▶ Problem statement: Every line below is to be given again precisely; images are to be left out.

Data records
[Start of Attachment]

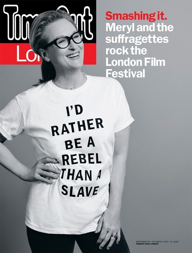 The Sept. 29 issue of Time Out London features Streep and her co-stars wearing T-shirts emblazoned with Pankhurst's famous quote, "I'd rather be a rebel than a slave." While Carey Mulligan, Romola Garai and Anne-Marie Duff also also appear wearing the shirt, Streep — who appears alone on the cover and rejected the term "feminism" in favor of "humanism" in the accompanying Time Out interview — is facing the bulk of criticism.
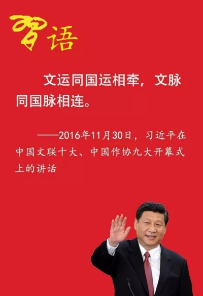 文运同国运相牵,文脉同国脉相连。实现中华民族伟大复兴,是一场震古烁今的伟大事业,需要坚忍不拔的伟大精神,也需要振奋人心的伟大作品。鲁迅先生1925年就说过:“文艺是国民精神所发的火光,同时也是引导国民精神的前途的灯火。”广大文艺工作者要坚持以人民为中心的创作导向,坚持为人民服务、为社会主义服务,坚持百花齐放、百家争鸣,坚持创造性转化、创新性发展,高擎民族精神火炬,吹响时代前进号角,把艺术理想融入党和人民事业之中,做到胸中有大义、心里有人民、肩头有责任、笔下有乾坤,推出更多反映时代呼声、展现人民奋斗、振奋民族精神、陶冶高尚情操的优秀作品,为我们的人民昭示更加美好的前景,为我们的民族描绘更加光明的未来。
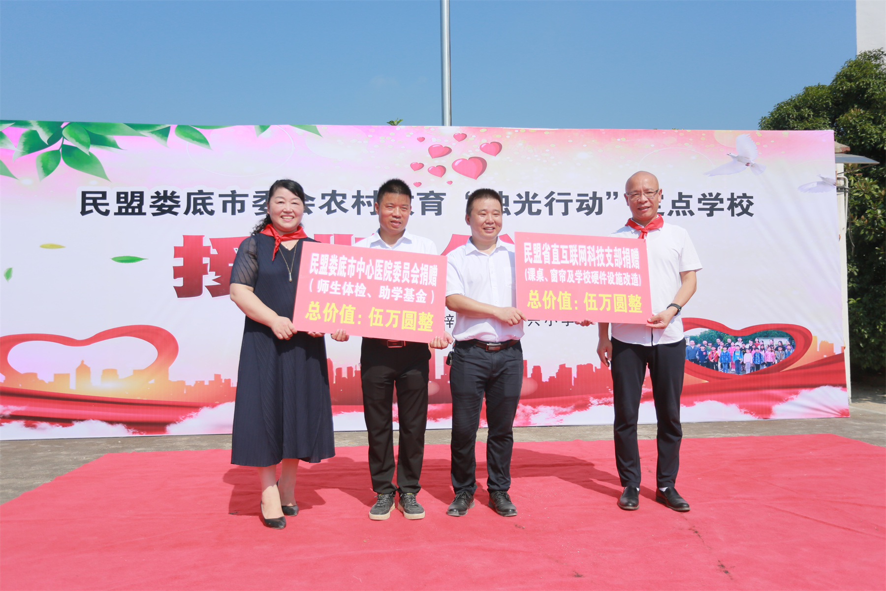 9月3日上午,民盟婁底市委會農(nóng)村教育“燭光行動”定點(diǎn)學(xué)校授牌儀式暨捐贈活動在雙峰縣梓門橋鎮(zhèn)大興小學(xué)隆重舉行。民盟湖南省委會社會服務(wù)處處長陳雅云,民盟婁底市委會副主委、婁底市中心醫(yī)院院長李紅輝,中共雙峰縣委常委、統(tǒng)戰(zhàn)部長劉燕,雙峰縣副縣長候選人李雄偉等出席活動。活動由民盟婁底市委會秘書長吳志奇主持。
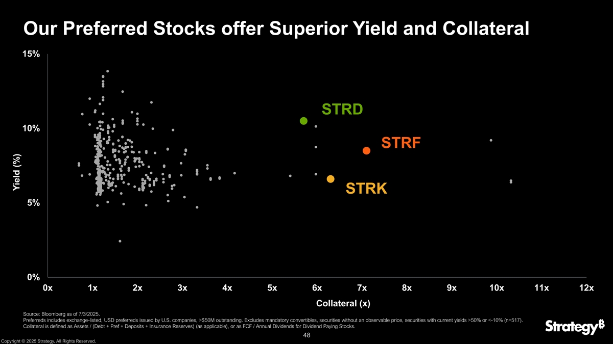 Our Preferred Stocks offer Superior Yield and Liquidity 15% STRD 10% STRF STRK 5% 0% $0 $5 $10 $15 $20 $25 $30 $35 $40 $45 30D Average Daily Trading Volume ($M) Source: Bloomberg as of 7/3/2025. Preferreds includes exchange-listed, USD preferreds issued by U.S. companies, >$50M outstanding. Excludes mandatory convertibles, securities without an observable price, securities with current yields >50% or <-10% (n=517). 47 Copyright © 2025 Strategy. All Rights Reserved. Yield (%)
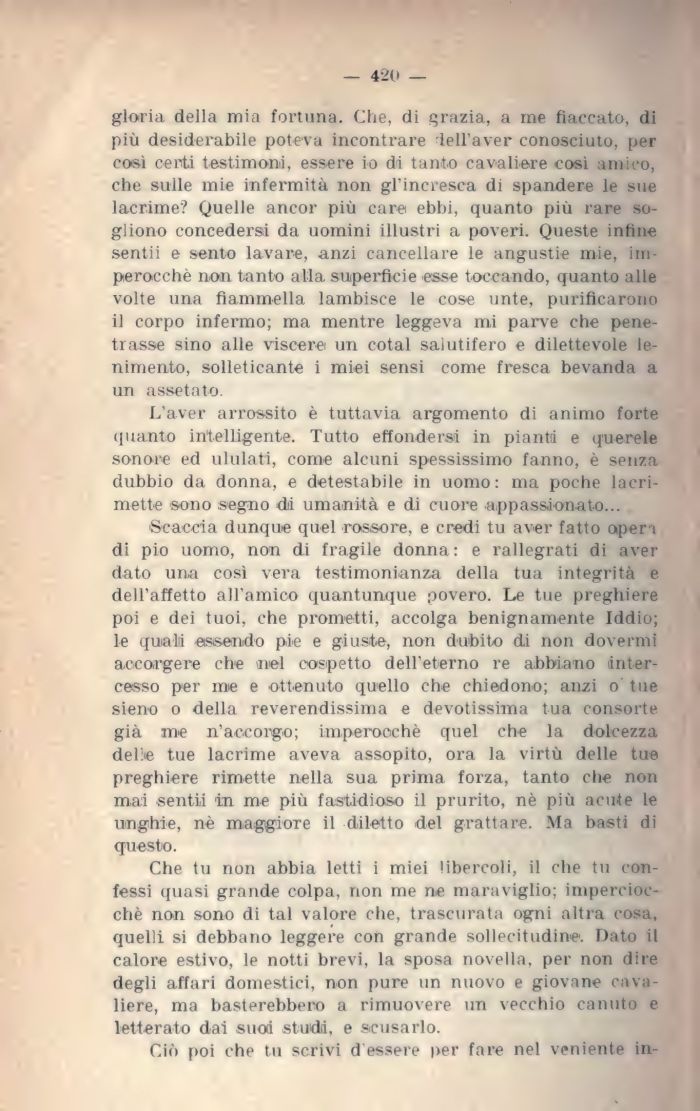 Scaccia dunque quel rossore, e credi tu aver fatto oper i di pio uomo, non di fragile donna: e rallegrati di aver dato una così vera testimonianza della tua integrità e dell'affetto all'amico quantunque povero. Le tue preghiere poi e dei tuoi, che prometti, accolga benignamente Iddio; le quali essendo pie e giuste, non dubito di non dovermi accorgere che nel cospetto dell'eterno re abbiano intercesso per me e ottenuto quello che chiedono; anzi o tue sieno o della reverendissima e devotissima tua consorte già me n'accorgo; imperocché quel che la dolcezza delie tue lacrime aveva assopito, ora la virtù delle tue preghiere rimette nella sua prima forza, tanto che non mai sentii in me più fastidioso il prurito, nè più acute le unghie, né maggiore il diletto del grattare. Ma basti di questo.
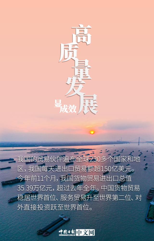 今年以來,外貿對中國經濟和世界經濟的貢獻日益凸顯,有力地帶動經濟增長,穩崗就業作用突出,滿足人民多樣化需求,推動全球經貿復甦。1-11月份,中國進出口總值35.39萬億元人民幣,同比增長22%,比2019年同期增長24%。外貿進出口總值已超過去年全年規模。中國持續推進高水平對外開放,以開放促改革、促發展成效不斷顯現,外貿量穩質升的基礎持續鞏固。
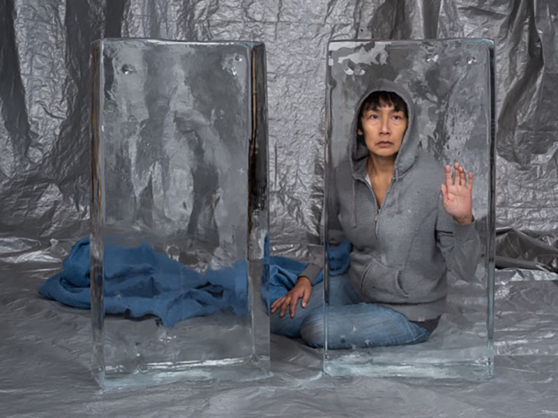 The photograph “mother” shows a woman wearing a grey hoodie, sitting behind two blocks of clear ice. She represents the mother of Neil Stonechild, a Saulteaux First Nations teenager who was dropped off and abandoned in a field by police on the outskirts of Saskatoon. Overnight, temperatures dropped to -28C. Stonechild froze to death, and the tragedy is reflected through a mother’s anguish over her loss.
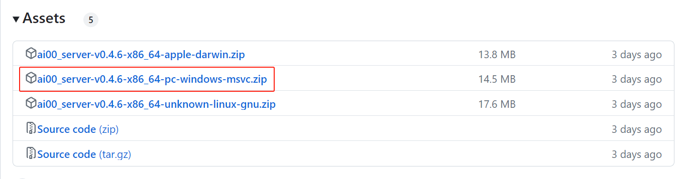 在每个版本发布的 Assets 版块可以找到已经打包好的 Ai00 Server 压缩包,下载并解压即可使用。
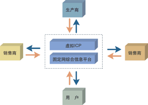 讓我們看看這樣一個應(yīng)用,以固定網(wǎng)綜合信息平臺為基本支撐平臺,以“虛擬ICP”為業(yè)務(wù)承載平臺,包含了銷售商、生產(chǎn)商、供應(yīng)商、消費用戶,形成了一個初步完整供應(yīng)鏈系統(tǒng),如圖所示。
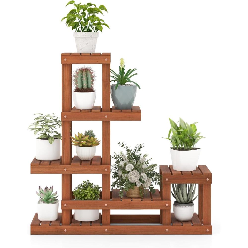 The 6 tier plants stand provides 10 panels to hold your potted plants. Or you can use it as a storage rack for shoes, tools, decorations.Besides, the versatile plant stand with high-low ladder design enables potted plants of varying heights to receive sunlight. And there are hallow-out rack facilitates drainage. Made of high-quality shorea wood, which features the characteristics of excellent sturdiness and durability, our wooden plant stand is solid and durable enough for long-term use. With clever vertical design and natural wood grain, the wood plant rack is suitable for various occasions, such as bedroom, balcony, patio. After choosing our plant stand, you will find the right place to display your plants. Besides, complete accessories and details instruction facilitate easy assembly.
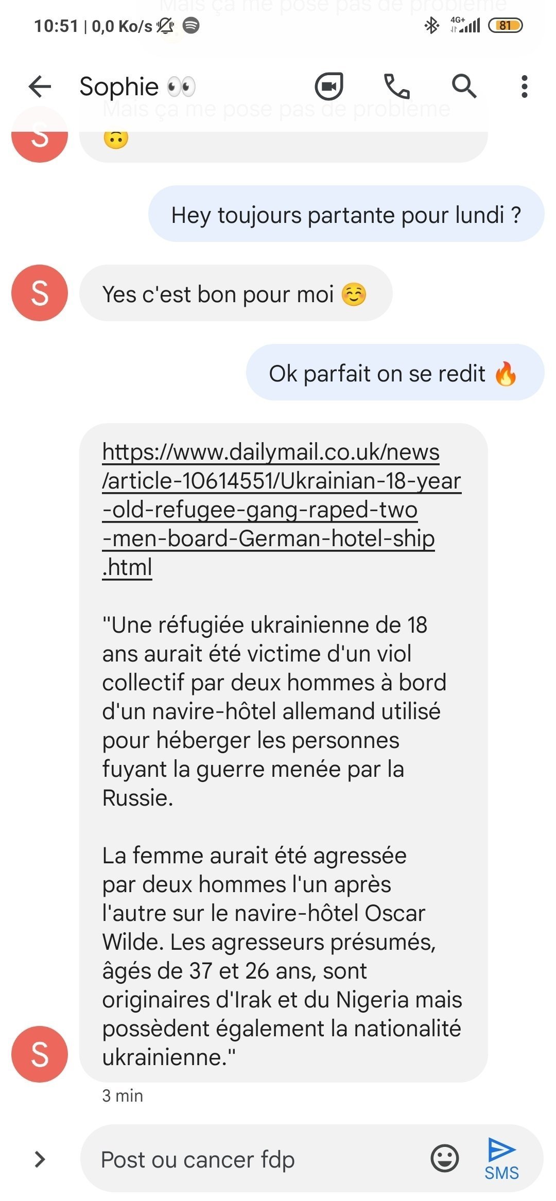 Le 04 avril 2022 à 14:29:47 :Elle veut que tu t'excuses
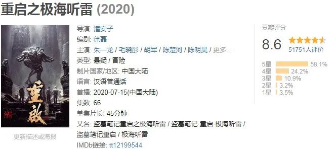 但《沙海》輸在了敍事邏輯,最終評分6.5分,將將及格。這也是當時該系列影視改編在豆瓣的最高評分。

[End of Attachment]

▶ Answer below:
 The Sept. 29 issue of Time Out London features Streep and her co-stars wearing T-shirts emblazoned with Pankhurst's famous quote, "I'd rather be a rebel than a slave." While Carey Mulligan, Romola Garai and Anne-Marie Duff also also appear wearing the shirt, Streep — who appears alone on the cover and rejected the term "feminism" in favor of "humanism" in the accompanying Time Out interview — is facing the bulk of criticism.
 文运同国运相牵,文脉同国脉相连。实现中华民族伟大复兴,是一场震古烁今的伟大事业,需要坚忍不拔的伟大精神,也需要振奋人心的伟大作品。鲁迅先生1925年就说过:“文艺是国民精神所发的火光,同时也是引导国民精神的前途的灯火。”广大文艺工作者要坚持以人民为中心的创作导向,坚持为人民服务、为社会主义服务,坚持百花齐放、百家争鸣,坚持创造性转化、创新性发展,高擎民族精神火炬,吹响时代前进号角,把艺术理想融入党和人民事业之中,做到胸中有大义、心里有人民、肩头有责任、笔下有乾坤,推出更多反映时代呼声、展现人民奋斗、振奋民族精神、陶冶高尚情操的优秀作品,为我们的人民昭示更加美好的前景,为我们的民族描绘更加光明的未来。
 9月3日上午,民盟婁底市委會農(nóng)村教育“燭光行動”定點(diǎn)學(xué)校授牌儀式暨捐贈活動在雙峰縣梓門橋鎮(zhèn)大興小學(xué)隆重舉行。民盟湖南省委會社會服務(wù)處處長陳雅云,民盟婁底市委會副主委、婁底市中心醫(yī)院院長李紅輝,中共雙峰縣委常委、統(tǒng)戰(zhàn)部長劉燕,雙峰縣副縣長候選人李雄偉等出席活動。活動由民盟婁底市委會秘書長吳志奇主持。
 Our Preferred Stocks offer Superior Yield and Liquidity 15% STRD 10% STRF STRK 5% 0% $0 $5 $10 $15 $20 $25 $30 $35 $40 $45 30D Average Daily Trading Volume ($M) Source: Bloomberg as of 7/3/2025. Preferreds includes exchange-listed, USD preferreds issued by U.S. companies, >$50M outstanding. Excludes mandatory convertibles, securities without an observable price, securities with current yields >50% or <-10% (n=517). 47 Copyright © 2025 Strategy. All Rights Reserved. Yield (%)
 Scaccia dunque quel rossore, e credi tu aver fatto oper i di pio uomo, non di fragile donna: e rallegrati di aver dato una così vera testimonianza della tua integrità e dell'affetto all'amico quantunque povero. Le tue preghiere poi e dei tuoi, che prometti, accolga benignamente Iddio; le quali essendo pie e giuste, non dubito di non dovermi accorgere che nel cospetto dell'eterno re abbiano intercesso per me e ottenuto quello che chiedono; anzi o tue sieno o della reverendissima e devotissima tua consorte già me n'accorgo; imperocché quel che la dolcezza delie tue lacrime aveva assopito, ora la virtù delle tue preghiere rimette nella sua prima forza, tanto che non mai sentii in me più fastidioso il prurito, nè più acute le unghie, né maggiore il diletto del grattare. Ma basti di questo.
 今年以來,外貿對中國經濟和世界經濟的貢獻日益凸顯,有力地帶動經濟增長,穩崗就業作用突出,滿足人民多樣化需求,推動全球經貿復甦。1-11月份,中國進出口總值35.39萬億元人民幣,同比增長22%,比2019年同期增長24%。外貿進出口總值已超過去年全年規模。中國持續推進高水平對外開放,以開放促改革、促發展成效不斷顯現,外貿量穩質升的基礎持續鞏固。
 The photograph “mother” shows a woman wearing a grey hoodie, sitting behind two blocks of clear ice. She represents the mother of Neil Stonechild, a Saulteaux First Nations teenager who was dropped off and abandoned in a field by police on the outskirts of Saskatoon. Overnight, temperatures dropped to -28C. Stonechild froze to death, and the tragedy is reflected through a mother’s anguish over her loss.
 在每个版本发布的 Assets 版块可以找到已经打包好的 Ai00 Server 压缩包,下载并解压即可使用。
 讓我們看看這樣一個應(yīng)用,以固定網(wǎng)綜合信息平臺為基本支撐平臺,以“虛擬ICP”為業(yè)務(wù)承載平臺,包含了銷售商、生產(chǎn)商、供應(yīng)商、消費用戶,形成了一個初步完整供應(yīng)鏈系統(tǒng),如圖所示。
 The 6 tier plants stand provides 10 panels to hold your potted plants. Or you can use it as a storage rack for shoes, tools, decorations.Besides, the versatile plant stand with high-low ladder design enables potted plants of varying heights to receive sunlight. And there are hallow-out rack facilitates drainage. Made of high-quality shorea wood, which features the characteristics of excellent sturdiness and durability, our wooden plant stand is solid and durable enough for long-term use. With clever vertical design and natural wood grain, the wood plant rack is suitable for various occasions, such as bedroom, balcony, patio. After choosing our plant stand, you will find the right place to display your plants. Besides, complete accessories and details instruction facilitate easy assembly.
 Le 04 avril 2022 à 14:29:47 :Elle veut que tu t'excuses
 但《沙海》輸在了敍事邏輯,最終評分6.5分,將將及格。這也是當時該系列影視改編在豆瓣的最高評分。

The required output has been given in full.